EXERCISE DATA:
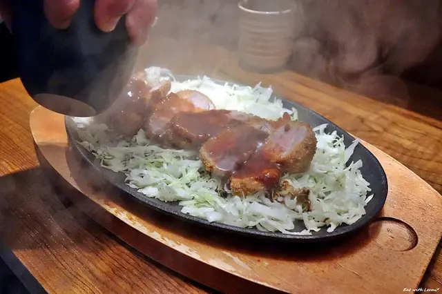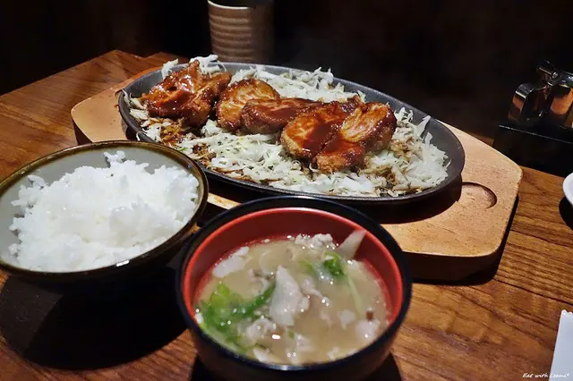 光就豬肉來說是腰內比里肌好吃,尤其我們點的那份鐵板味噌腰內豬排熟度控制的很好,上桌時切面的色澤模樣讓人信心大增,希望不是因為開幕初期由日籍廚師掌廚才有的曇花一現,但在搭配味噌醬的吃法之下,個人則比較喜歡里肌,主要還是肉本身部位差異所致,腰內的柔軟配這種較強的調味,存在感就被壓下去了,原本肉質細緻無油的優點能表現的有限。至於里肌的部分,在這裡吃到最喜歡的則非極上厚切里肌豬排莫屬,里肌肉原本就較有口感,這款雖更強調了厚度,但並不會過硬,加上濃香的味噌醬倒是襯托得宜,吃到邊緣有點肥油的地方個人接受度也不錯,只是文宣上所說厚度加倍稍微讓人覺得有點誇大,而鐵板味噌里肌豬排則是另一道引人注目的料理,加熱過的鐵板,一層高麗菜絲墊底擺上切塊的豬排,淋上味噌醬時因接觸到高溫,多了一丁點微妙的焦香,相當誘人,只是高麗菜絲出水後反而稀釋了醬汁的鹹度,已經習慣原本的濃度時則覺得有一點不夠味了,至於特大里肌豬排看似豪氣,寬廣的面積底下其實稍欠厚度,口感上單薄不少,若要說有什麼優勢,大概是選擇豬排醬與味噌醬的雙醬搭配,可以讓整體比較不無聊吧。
---
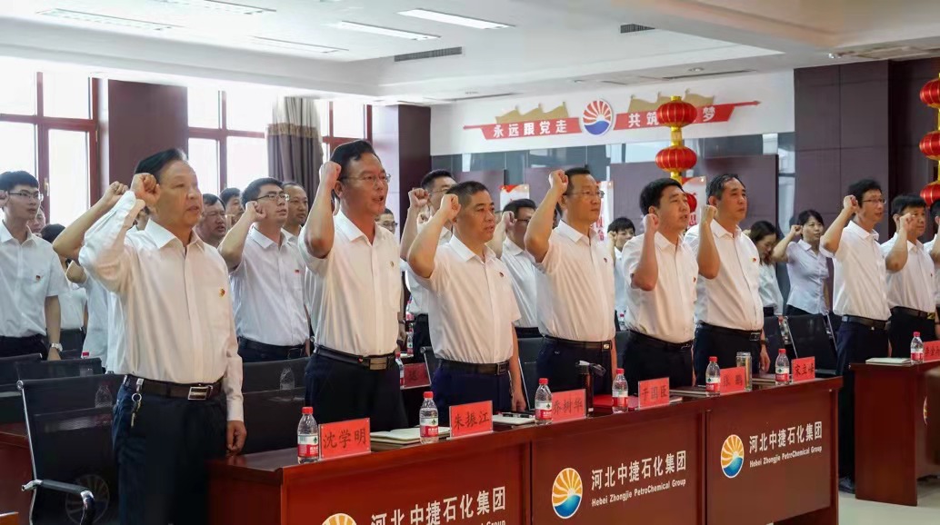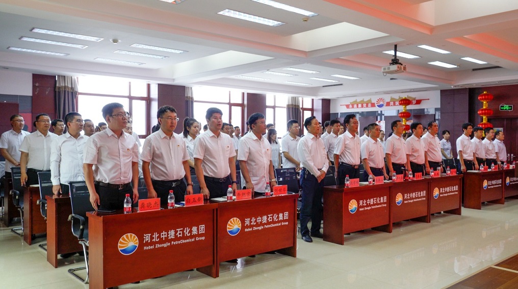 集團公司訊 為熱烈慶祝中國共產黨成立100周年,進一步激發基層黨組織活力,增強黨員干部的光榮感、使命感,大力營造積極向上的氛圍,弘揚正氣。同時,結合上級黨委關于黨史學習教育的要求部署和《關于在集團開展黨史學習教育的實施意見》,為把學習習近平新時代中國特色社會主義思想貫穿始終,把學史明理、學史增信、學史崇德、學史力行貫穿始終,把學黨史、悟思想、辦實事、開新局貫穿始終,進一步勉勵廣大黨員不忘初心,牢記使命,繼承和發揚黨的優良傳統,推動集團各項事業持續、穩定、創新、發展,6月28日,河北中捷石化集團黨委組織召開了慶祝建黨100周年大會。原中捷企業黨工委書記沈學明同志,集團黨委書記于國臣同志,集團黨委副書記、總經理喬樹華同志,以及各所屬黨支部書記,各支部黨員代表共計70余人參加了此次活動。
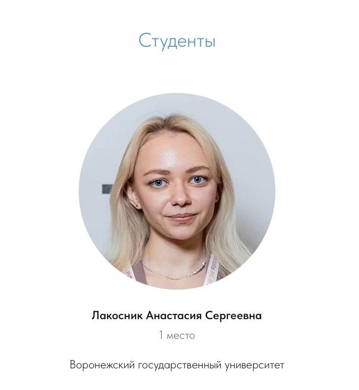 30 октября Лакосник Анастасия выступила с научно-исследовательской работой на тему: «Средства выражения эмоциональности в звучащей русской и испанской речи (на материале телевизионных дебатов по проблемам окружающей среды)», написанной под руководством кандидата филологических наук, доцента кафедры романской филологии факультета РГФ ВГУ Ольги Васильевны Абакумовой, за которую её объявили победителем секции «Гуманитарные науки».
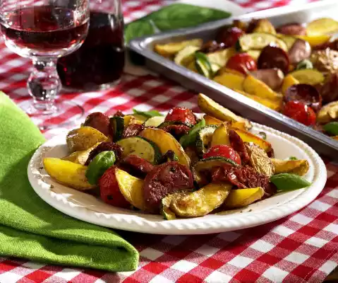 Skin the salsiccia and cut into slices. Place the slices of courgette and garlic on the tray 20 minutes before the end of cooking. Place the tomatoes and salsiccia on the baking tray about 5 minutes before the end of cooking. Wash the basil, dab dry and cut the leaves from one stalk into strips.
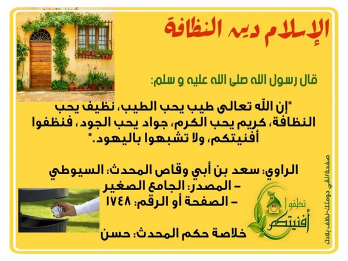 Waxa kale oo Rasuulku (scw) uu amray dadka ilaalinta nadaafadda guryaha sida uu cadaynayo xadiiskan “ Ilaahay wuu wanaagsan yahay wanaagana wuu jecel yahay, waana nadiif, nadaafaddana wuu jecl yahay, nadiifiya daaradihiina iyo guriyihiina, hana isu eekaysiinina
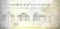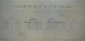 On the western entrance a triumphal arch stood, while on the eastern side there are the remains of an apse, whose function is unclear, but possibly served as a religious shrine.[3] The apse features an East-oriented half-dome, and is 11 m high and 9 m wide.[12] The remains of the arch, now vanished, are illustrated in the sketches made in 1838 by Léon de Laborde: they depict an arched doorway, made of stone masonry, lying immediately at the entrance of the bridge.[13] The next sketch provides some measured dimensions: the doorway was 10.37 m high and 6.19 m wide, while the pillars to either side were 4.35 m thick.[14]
---
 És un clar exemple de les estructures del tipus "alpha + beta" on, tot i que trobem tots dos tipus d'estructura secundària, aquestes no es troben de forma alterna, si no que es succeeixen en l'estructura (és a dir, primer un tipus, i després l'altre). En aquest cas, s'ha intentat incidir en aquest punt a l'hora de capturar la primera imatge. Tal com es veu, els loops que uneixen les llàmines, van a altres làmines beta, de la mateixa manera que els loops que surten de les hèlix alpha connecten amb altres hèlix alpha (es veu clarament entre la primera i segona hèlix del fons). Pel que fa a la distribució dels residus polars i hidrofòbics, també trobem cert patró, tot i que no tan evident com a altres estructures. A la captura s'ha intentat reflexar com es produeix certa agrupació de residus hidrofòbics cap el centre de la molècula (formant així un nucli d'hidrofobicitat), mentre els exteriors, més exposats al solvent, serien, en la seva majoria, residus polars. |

REQUIREMENT:
From the material above, output only the span of lines that starts at the one containing "Waxa kale oo" and finishes at the one containing "On the western", word for word and free of pictures.

ANSWER SECTION:
 Waxa kale oo Rasuulku (scw) uu amray dadka ilaalinta nadaafadda guryaha sida uu cadaynayo xadiiskan “ Ilaahay wuu wanaagsan yahay wanaagana wuu jecel yahay, waana nadiif, nadaafaddana wuu jecl yahay, nadiifiya daaradihiina iyo guriyihiina, hana isu eekaysiinina
 On the western entrance a triumphal arch stood, while on the eastern side there are the remains of an apse, whose function is unclear, but possibly served as a religious shrine.[3] The apse features an East-oriented half-dome, and is 11 m high and 9 m wide.[12] The remains of the arch, now vanished, are illustrated in the sketches made in 1838 by Léon de Laborde: they depict an arched doorway, made of stone masonry, lying immediately at the entrance of the bridge.[13] The next sketch provides some measured dimensions: the doorway was 10.37 m high and 6.19 m wide, while the pillars to either side were 4.35 m thick.[14]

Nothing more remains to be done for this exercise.